The Overexamined Life

"On the way back,
we passed by
the stone walls again.
The stones had no mortar;
they were just stones
balancing against the sky."

- Simon Ortiz, "Toward Spider Springs"

The unexamined life is not worth living, Socrates once said.

But, we would add, the overexamined life isn’t worth living either. We like the thought expressed in the Ortiz poem quote above. Sometimes, it's good to just be the stones - to just be.

But for many people that won't be enough. They will seek out the mortar. And if it isn't there, they will invent one. In other words, they can't live a life without believing that something holds it together, shapes it, gives it meaning and purpose.

We have a friend who is very interested in defining himself through his chosen pursuits. He lays them out with great thought and vision, rationalizing and justifying choices he's made. He speaks often about personal performance and achievement, as if life was a kind of self-improvement plan.

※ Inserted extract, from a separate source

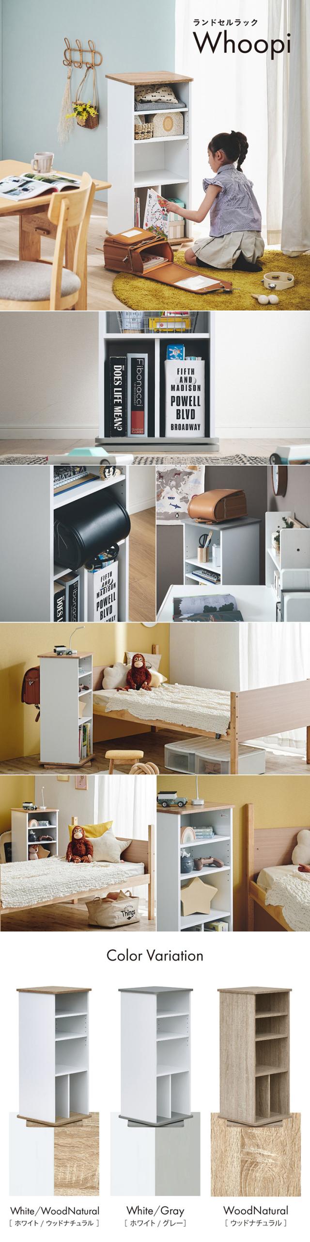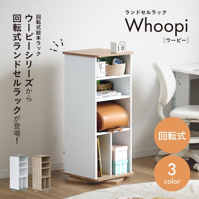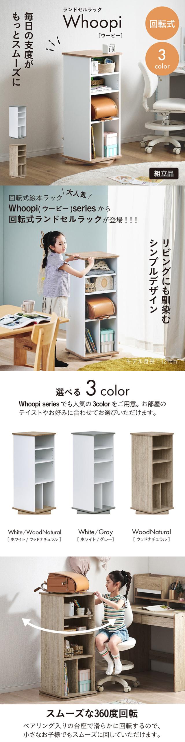 ランドセルラック 回転式 Whoopi(ウーピー) 3色対応 キッズ収納 ロータイプ 可動棚 おしゃれ シンプル ホワイトボード付き ディスプレイスペース 省スペース 安全設計 オープンラック 通学グッズ収納 フック付き 子供部屋

We are not passing judgment. To each his own. If he finds contentment in this self-analysis, then so be it.

But we can't help but wonder about the wisdom of investing so much of a sense of self in external things, achievements or pursuits.

If you want freedom, or emancipation from societal or personal chains ... if you want equanimity - that sweet sense of "unattached awareness of one's experience as a result of perceiving the impermanence of momentary reality... a peace of mind and abiding calmness that cannot be shaken by any grade of both fortunate circumstance and unfortunate one" - as the Wikipedia puts it - then this would seem counterproductive to that idea.

The reason is because these external things will not abide your wishes. You cannot always be what you want to be. Life and circumstance force changes upon you. How you react to life's vicissitudes will determine whether you can maintain that sense of equanimity or not.

If you have important life goals, activities that you believe define who you are, then you are less likely to maintain that equanimity.

The words of Albert Camus come to mind. "To the extent to which he imagined a purpose to his life, he adapted himself to the demand of a purpose to be achieved and became the slave of his liberty...

To the extent to which I hope, to which I worry about a truth that might be individual to me, about a way of being or creating, to the extent to which I arrange my life and prove thereby that I accept its having a meaning, I create for myself barriers between which I confine my life."

He goes on to write:

"The absurd enlightens me on this point: there is no future."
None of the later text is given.